Affiliation:
1. Department of Physics of Complex Systems, ELTE Eötvös Loránd University, Pf. 32 H-1518, Budapest, Hungary
Abstract
ABSTRACT
We present our results from training and evaluating a convolutional neural network (CNN) to predict galaxy shapes from wide-field survey images of the first data release of the Dark Energy Survey (DES DR1). We use conventional shape measurements as ‘ground truth’ from an overlapping, deeper survey with less sky coverage, the Canada–France–Hawaii Telescope Lensing Survey (CFHTLenS).
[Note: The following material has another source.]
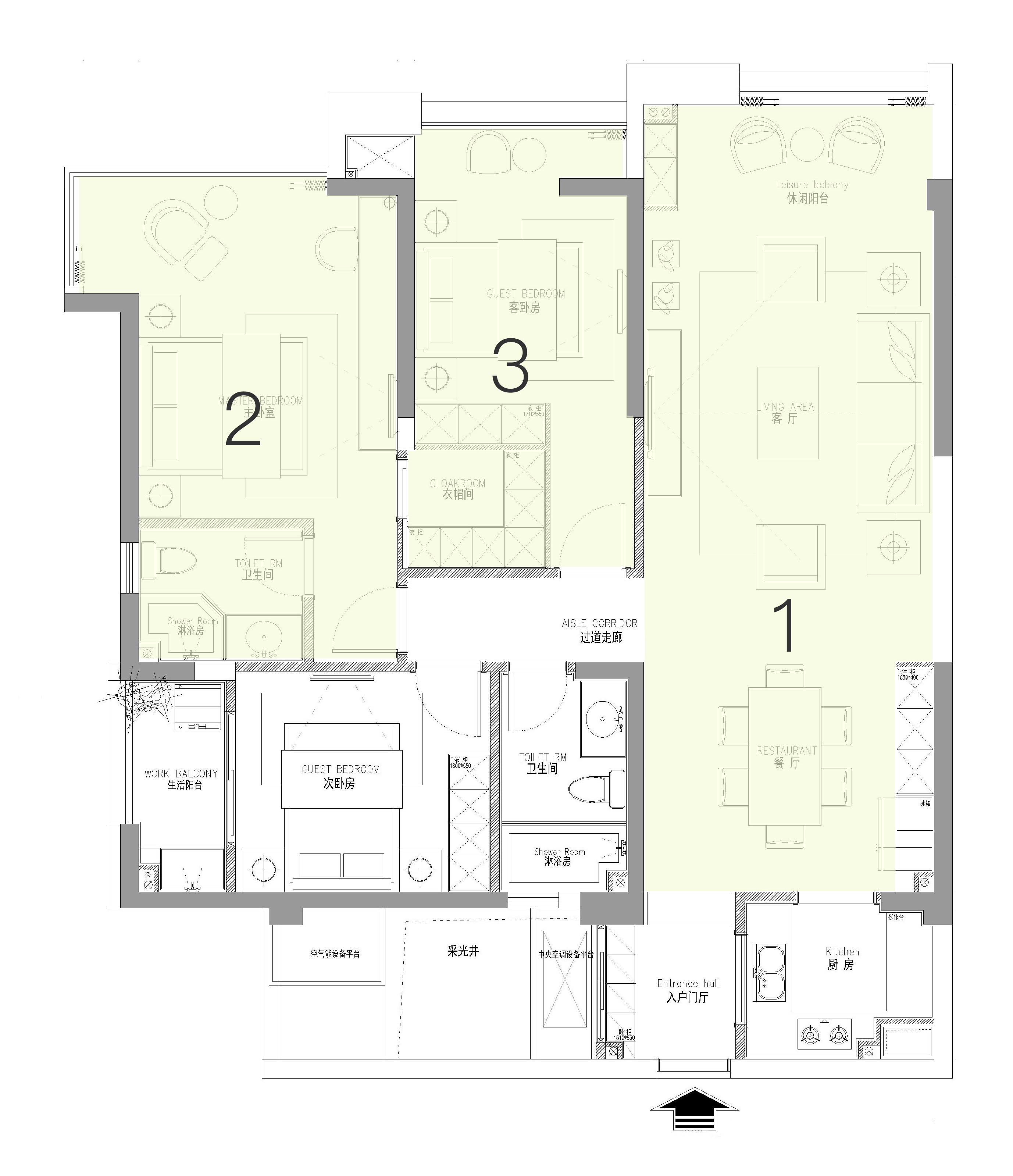 本案中以功能為導向,室內空間都采用簡潔的造型,在滿足基本需求的基礎上,解決空間、比例、光、材質的基本問題。這種簡潔也是一種品位,體現(xiàn)在設計細節(jié)上的把握,每一個細微局部的裝飾,都要深思熟慮。從而達到以少勝多,以簡勝繁的效果。多余的修飾和形態(tài)并不能帶來更多的舒適感,功能性和舒適性才是我們更應該關注的方向。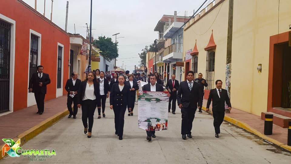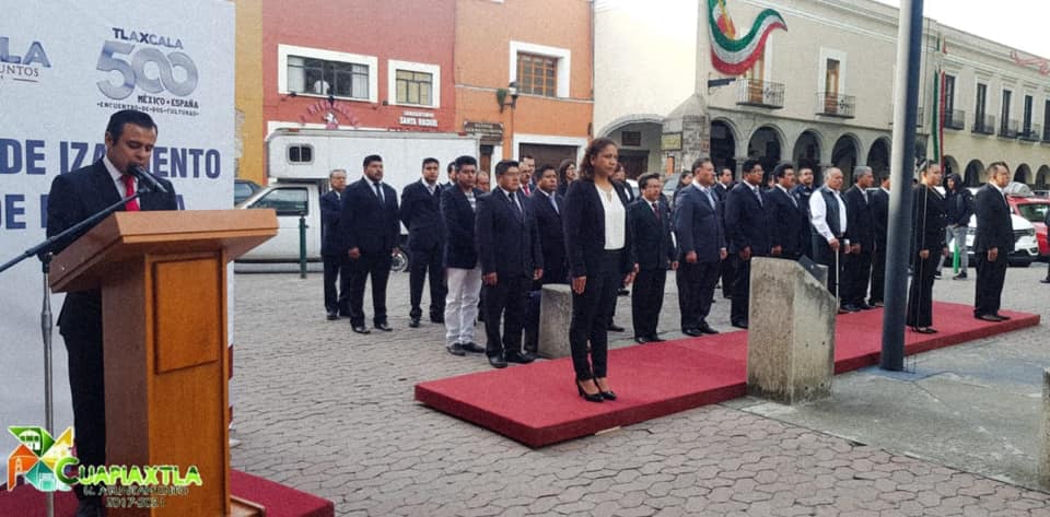 Tlaxcala, Tlax.- El Presidente Municipal de Cuapiaxtla, Arturo Hernández Hernández encabezó la ceremonia de Izamiento de Bandera y Homenaje al Lábaro Patrio en la Capital del Estado de Tlaxcala, acompañado de la presidenta honorifica del SMDIF, Sindico, Regidores, Directores de área y personal administrativo.

We demonstrate that CNN predictions from single band DES images reproduce the results of CFHTLenS at bright magnitudes and show higher correlation with CFHTLenS at fainter magnitudes than maximum likelihood model fitting estimates in the DES Y1 im3shape catalogue. Prediction of shape parameters with a CNN is also extremely fast, it takes only 0.2 ms per galaxy, improving more than 4 orders of magnitudes over forward model fitting. The CNN can also accurately predict shapes when using multiple images of the same galaxy, even in different colour bands, with no additional computational overhead. The CNN is again more precise for faint objects, and the advantage of the CNN is more pronounced for blue galaxies than red ones when compared to the DES Y1 metacalibration catalogue, which fits a single Gaussian profile using riz band images. We demonstrate that CNN shape predictions within the metacalibration self-calibrating framework yield shear estimates with negligible multiplicative bias, m < 10−3, and no significant point spread function (PSF) leakage. Our proposed set-up is applicable to current and next-generation weak lensing surveys where higher quality ‘ground truth’ shapes can be measured in dedicated deep fields.
Funder
National Research, Development and Innovation Office
National Quantum Technologies Program
Publisher
Oxford University Press (OUP)
Subject
Space and Planetary Science,Astronomy and Astrophysics
Cited by
7 articles.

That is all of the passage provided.